Na alta Idade Média apareceu um documento forjado que mudou o mundo. Seu objetivo era insidioso: falsificar o passado. Com o título em latim de “Constitutum Constantini”, o documento dava a entender ter sido escrito pelo próprio imperador Constantino no século 4. Só que na verdade a fake news foi forjada séculos depois, perto do ano 800.

O documento alegava que Constantino havia transferido para o papa todo o poder sobre o império. De quebra, transferia também vastos territórios europeus e os símbolos da autoridade imperial, que poderiam ser usados pelo papa para mostrar que todos os governantes se subordinavam a ele.

Essa malandragem (que em português é chamada de “Doação de Constantino”) teve um papel histórico importante. Impactou inclusive o Brasil. Quando Portugal e Espanha disputaram a repartição das terras nas Américas, coube justamente ao papa resolver a questão. Foi ele que editou a bula Inter Caetera, com base na autoridade supostamente dada a ele por Constantino (a bula foi atualizada no Tratado de Tordesilhas). Em suma, o Papa era o Supremo Tribunal Federal da época.

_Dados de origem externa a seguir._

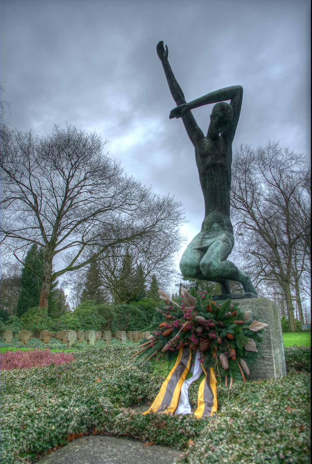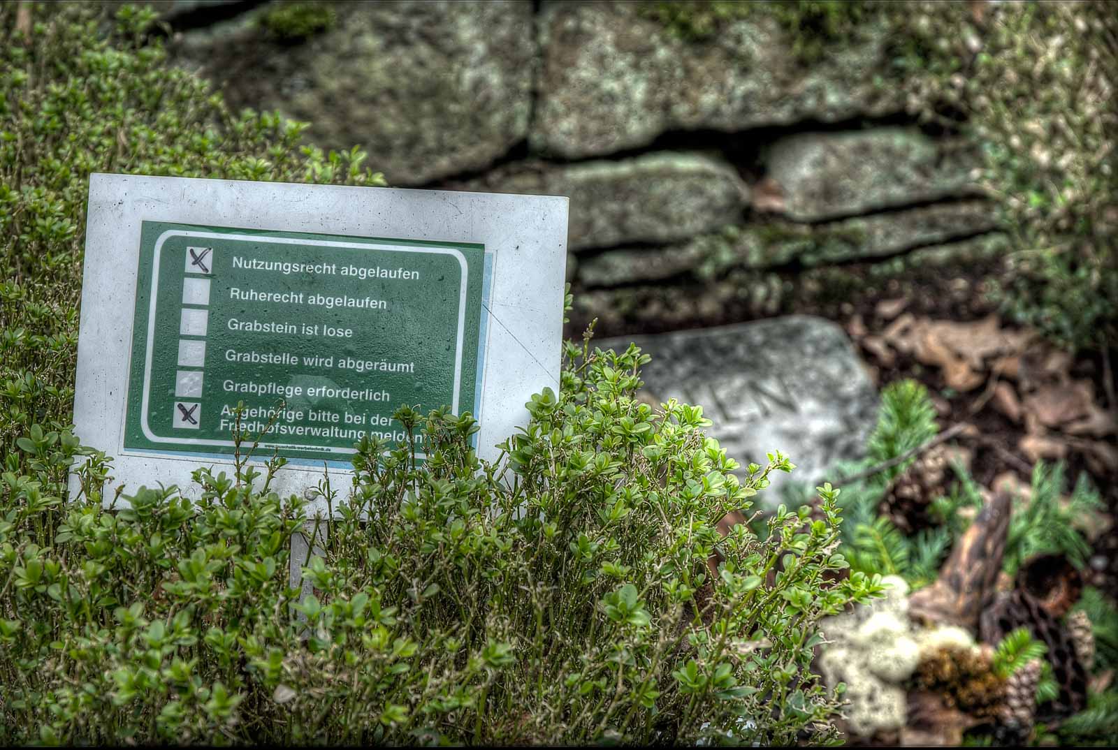 Vergleicht man nun die Beweggründe, die dazu geführt haben, dass Industrielle und Soldaten auf dem gleichen Friedhof zu gleichen Bedingungen „ruhen“ dürfen, tut sich die aufdringliche Frage auf, warum denn nun der Otto Normal nicht das Recht haben darf, hier auf ewig beerdigt sein zu dürfen. Denn dessen Gebeine, sofern sie nach dem sogenannten Einebnen seiner Grabstelle noch auffindbar sind (soll je nach Bodenbeschafenheit ja auch keine Seltenheit sein), landen im „Gebeinhaus“ des Freidhofbaus. Und wenn die Hütte voll ist? Wird wohl heimlich Seife draus gemacht …

Corte para 2024. As fake news estão em toda a parte. São produzidas industrialmente. No campo da música, graças à inteligência artificial, começa a ocorrer um fenômeno curioso de falsificação do passado. Pegue por exemplo o grupo Habibi Habbas, formado na Líbia em 1970. No YouTube há o álbum Funky Caravan, lançado por eles em 1976. Só que esse grupo não existe. Ele foi forjado usando inteligência artificial, sua música foi toda feita por IA. Tudo é sintético e inventado (há até um segundo álbum, chamado Disco Kebab, de 1977).

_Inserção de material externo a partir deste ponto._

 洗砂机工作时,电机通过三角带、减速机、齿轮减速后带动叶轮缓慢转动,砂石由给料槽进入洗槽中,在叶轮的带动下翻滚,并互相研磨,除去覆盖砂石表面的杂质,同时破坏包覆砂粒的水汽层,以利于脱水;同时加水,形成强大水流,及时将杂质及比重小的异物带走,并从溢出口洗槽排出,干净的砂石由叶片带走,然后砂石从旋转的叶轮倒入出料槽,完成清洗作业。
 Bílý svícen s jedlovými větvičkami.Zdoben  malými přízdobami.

O mesmo se aplica a Yuna Okira, artista japonesa que em 1980 lançou um álbum de música instrumental chamado Shizuka na Shunka (“Momentos Tranquilos”). Ou ainda, ao cantor e guitarrista iraniano Ghalibi Ghaboussi, que atingiu o auge em 1973 com o disco Royaye Gomshode (aliás, o meu favorito). Eles não existem. Mas na internet há álbuns inteiros de cada um, com biografias, capas e muito mais. São artistas “fake”. Criados em 2024 para parecer terem existido no passado. Não duvido de que no futuro fique difícil distinguir entre o passado “real” e o passado forjado pela inteligência artificial.

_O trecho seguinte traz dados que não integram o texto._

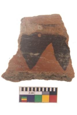 | Description / विवरण | Specimen of black on red ware with black decorative Triangles geometric painting. |
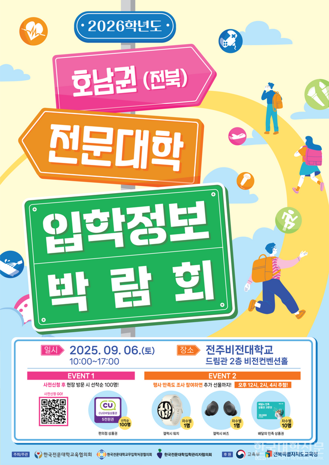 [한국대학신문 김영성 기자] 전주비전대학교(총장 우병훈)는 오는 6일(토) 오전 10시부터 오후 5시까지 드림관 2층 비전컨벤션홀에서 ‘2026학년도 호남권(전북) 전문대학 입학정보 박람회’를 개최한다고 밝혔다. 이번 박람회는 한국전문대학교육협의회, 한국전문대학교무입학처장협의회, 한국전문대학입학관리자협의회가 공동으로 주최·주관하며, 교육부와 전북특별자치도교육청이 후원한다.
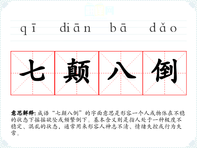 成语“七颠八倒”的字面意思是形容一个人或物体在不稳的状态下摇摇欲坠或频繁倒下。基本含义则是指人处于一种极度不稳定、混乱的状态,通常用来形容人神志不清、情绪失控或行为失常。

Por falar em fake news, o Supremo Tribunal Federal está julgando a constitucionalidade do artigo 19 do Marco Civil da Internet. Um dos objetivos do STF é justamente combater “fake news”. Em voto proferido pelo ministro Dias Toffoli ele cita inúmeras leis, do Brasil e de outros países, que regulam a internet e inspiram o Supremo a “regular” também. Dentre elas o DSA, lei aprovada na Europa, o NetzDG, em vigor na Alemanha, e a Section 230, nos EUA. O que o ministro esqueceu de citar é que todas elas foram aprovadas pelo Poder Legislativo, isto é, pelos parlamentos. Nenhuma dessas leis foi inventada pelo Poder Judiciário. Talvez o ministro já esteja no futuro. Um em que as fronteiras entre o Parlamento e o Judiciário não existam mais. Tal como a música de Ghalibi Ghaboussi.